# .357 on the way....



## Stolya (May 23, 2009)

I was wondering if I could get some input from the folks on here who have owned and/or shot the .357 and the G32 in particular. 

I have just ordered one and wanted to get all the info I can before it arrives. I have read some details of the ballistics. I am very impressed about it's superior penetration to the 9mm of course which was the other option when I was choosing my first pistol in almost 10 years.

The .357 ammo around here has dropped to about the same price as 9mm and I am very ready to go try her out. 

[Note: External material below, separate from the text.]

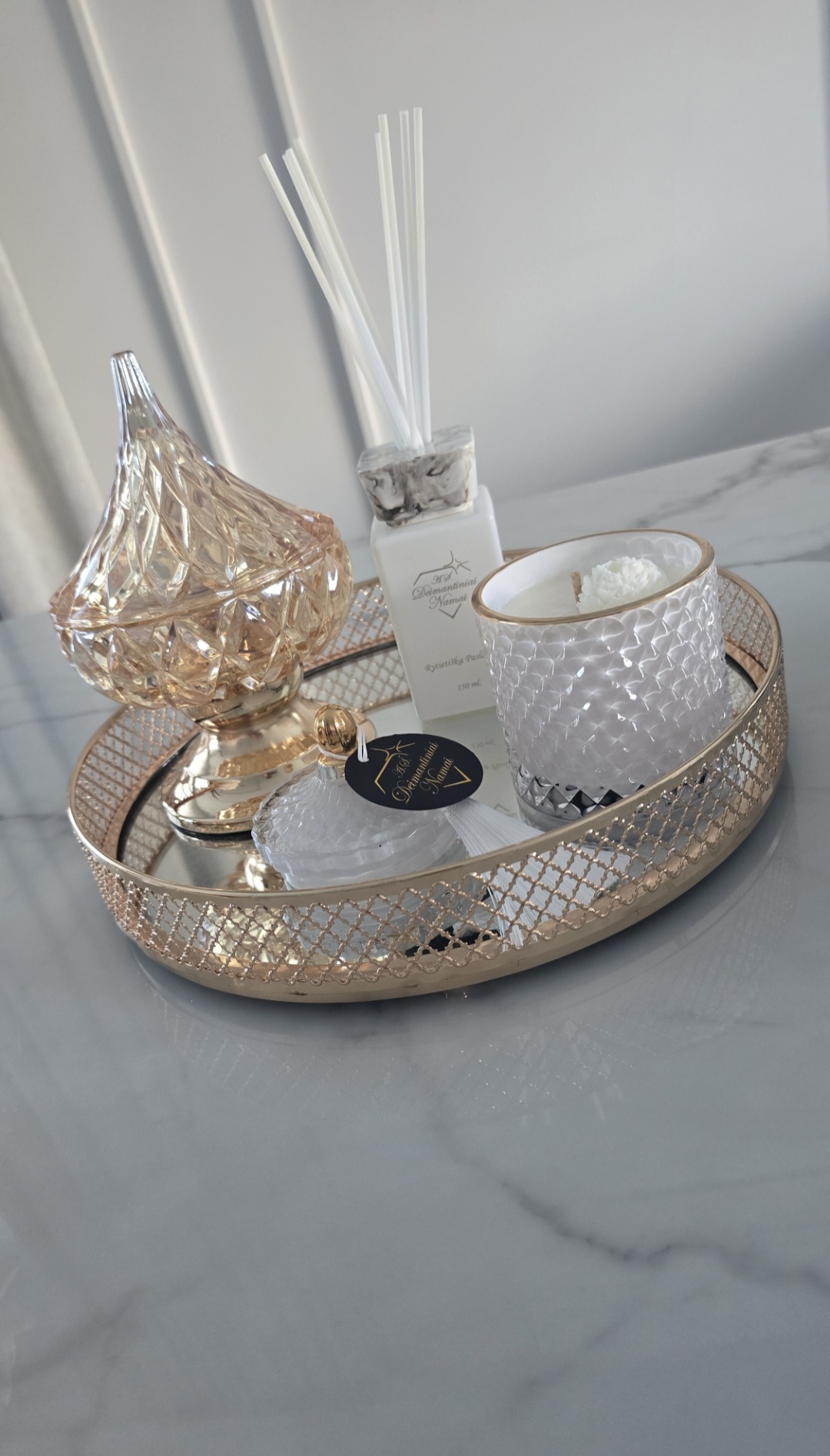 Rinkinys „Akimirka“ – tai prabangus ir subtilus namų kvapų derinys, sukuriantis šiltą, jaukią atmosferą bei išskirtinį interjero akcentą.

Anything anyone has would be very helpful.


----------



## DJ Niner (Oct 3, 2006)

I owned a G32C (the ported version) for several years, and had no problems with it at all. The .357 cartridge has a bit of snap in the recoil, but the Glock handles it well and the higher velocity makes it shoot very flat out to extended distances. Mine was very accurate, and only the high (relative) cost of ammo caused me to trade it off. If I'd held on to it for a couple more years (after all the other calibers jumped up in price), I probably would still have it.


----------



## zhurdan (Mar 21, 2008)

I've got a 32C. I've had it for quite a few years and I love it. If you're finding ammo for it at 9mm prices, I'll send you a check so you can buy me some too! Either they are raping the crap out of 9mm customers or they mismarked it.

It can be shot well, but it takes a whole lot of practice. Don't try to shoot it fast at first or you'll ruin any technique you may already have. Shoot it slow. Once you get the recoil under control, pick up the pace, but only fast enough where you can put the rounds where you need them to go. After some serious practice, you'll be able to shoot it just as fast and accurate as any other caliber.

Here's a bit of success for me after about 5 years with this caliber.


----------



## Glockomadtic (Sep 23, 2009)

*33*

I shoot a 33 its 9mm from hell best gun I have shot, you will a a blast with it and I mean BLAST. And a great carry gun.


----------